Figure 2. Ratio of Global Import Growth to Global GDP Growth (ratio of growth rates; annual data)


Source: IMF WEO.
Notes: Real imports of goods and services. Real global GDP is aggregated with market exchange rates. The last observation refers to 2015.

Specifically, the study shows that the change in the global trade-income relationship between the pre-crisis period and more recent years is driven by both compositional as well as structural effects. The former are not necessarily structural and can reverse over the medium term. The latter, on the other hand, alter the fundamental relationship between trade and economic activity also at the country level. These two factors each contribute roughly half to the overall decline in the trade elasticity, respectively.

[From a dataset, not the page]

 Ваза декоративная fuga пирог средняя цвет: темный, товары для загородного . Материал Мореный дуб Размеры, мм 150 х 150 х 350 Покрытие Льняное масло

Among compositional effects, the geographical shift in economic activity has played a key role. The past decade was characterised by significant changes in the relative contributions of advanced and emerging economies to global growth and trade, with the contribution of the latter in global GDP increasing considerably (Figure 3). Since advanced economies typically exhibit higher trade elasticities than their emerging market counterparts, their decreasing importance in the global economy has implications for the global trade elasticity (Slopek 2015). In fact, a simple decomposition exercise shows that up to half of the decline in the global trade elasticity is attributed to the relative demand shift from advanced to emerging economies. The second compositional factor is linked to shifts in activity to demand components that are less trade-intensive (Bussière et al. 2013). In particular, investment has been weak after the Global Crisis among advanced countries, also contributing to the global trade weakness.

Figure 3. Global GDP Growth Contributions (annual percentage changes; percentage points)

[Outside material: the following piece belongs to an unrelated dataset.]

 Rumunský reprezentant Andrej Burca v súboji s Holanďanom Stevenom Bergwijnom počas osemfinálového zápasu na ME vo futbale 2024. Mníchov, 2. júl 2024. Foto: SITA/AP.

Source: World Bank (WDI), IMF (WEO database), Haver Analytics and authors’ calculations. Aggregation based on market exchange rates.

At the same time, several structural developments have additionally lowered trade elasticities at the individual country level. In particular, the expansion of global value chains had significantly supported gross trade growth in the 1990s and early 2000s, when intermediate components were increasingly shipped multiple times between economies along their production chains. Current indicators however suggest that the sharp rise in global value chains has stalled and possibly even reversed after 2011 (Figure 4), removing an important source of global trade growth. While the underlying reasons are manifold, anecdotal evidence points to expanding protectionist measures among the drivers of the global value chain slowdown. For instance, a recent ECB survey of large Eurozone firms found that two thirds of respondents list local content requirements as one of the main reasons for relocating production outside Europe (ECB, 2016). Local content requirements induce firms to increasingly source and produce in their export markets, which in turn substitute for earlier trade flows.

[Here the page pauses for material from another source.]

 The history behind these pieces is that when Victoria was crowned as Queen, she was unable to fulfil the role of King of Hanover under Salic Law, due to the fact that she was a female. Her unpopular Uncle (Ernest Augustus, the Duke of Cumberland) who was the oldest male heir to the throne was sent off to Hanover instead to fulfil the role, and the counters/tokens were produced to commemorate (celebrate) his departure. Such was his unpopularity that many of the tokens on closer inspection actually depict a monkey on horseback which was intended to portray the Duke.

Figure 4. GVC participation versus share of intermediate goods in total goods imports (index)


Notes: Both measures exclude energy-related trade. The intermediate share is mean-variance adjusted to that of the GVC participation measure. The GVC measure is based on Borin and Mancini (2015) and extended for 2012-2013 with changes in the share of the intermediate goods indicator.

Another structural factor relates to financial frictions. In particular, financial development and better access to capital markets have been seen as an important factor in building up export capacities (Kletzer and Bardhan 1987, Beck 2002). While the empirical literature confirms the positive impact of financial development on the level of trade openness, recent analysis suggests that the marginal effect of finance on trade decreases considerably with the size of the financial sector (Gächter and Gkrintzalis 2016). The findings point to a threshold – estimated when private sector credit reaches around 100% of GDP – where further financial deepening is no longer associated with increasing trade relative to GDP. These non-linearities may also have played a non-negligible role in the global trade slowdown, as many countries have experienced substantial financial sector development in the two decades prior to the crisis. As financial sectors have matured, however, with many countries approaching the estimated threshold, the support provided by financial deepening for further trade growth has waned.

Finally, falling transportation costs and the removal of trade barriers have also considerably contributed to buoyant trade growth prior to the crisis. As these trade frictions have already reached rather low levels, however, further improvements and hence additional support to global trade growth will be limited going forward. In addition, recent evidence is pointing at a steady increase in protectionist measures and a lack of progress in global and even regional trade liberalisation initiatives.5

An assessment of the factors driving the trade slowdown thus suggests that the weakness is likely to persist, as both the shift in activity from advanced to emerging economies and the structural factors are unlikely to reverse over the medium term. In the absence of any further positive shocks to trade openness – such as renewed waves of multilateral trade liberalisations – the new normal for the global trade elasticity is likely to look broadly similar to the weak level observed over recent years. While strong recessions in a number of countries, particularly Russia and Brazil, as well as the slowing and ongoing transition of China’s economy to a more consumption-based and service-sector oriented economic growth model pushed global trade growth even below this new normal in 2015, world trade is unlikely to grow significantly faster than economic activity going forward. The great normalisation of global trade therefore implies that even a rebound of global GDP growth to pre-crisis levels would not lead to a significant recovery of global trade.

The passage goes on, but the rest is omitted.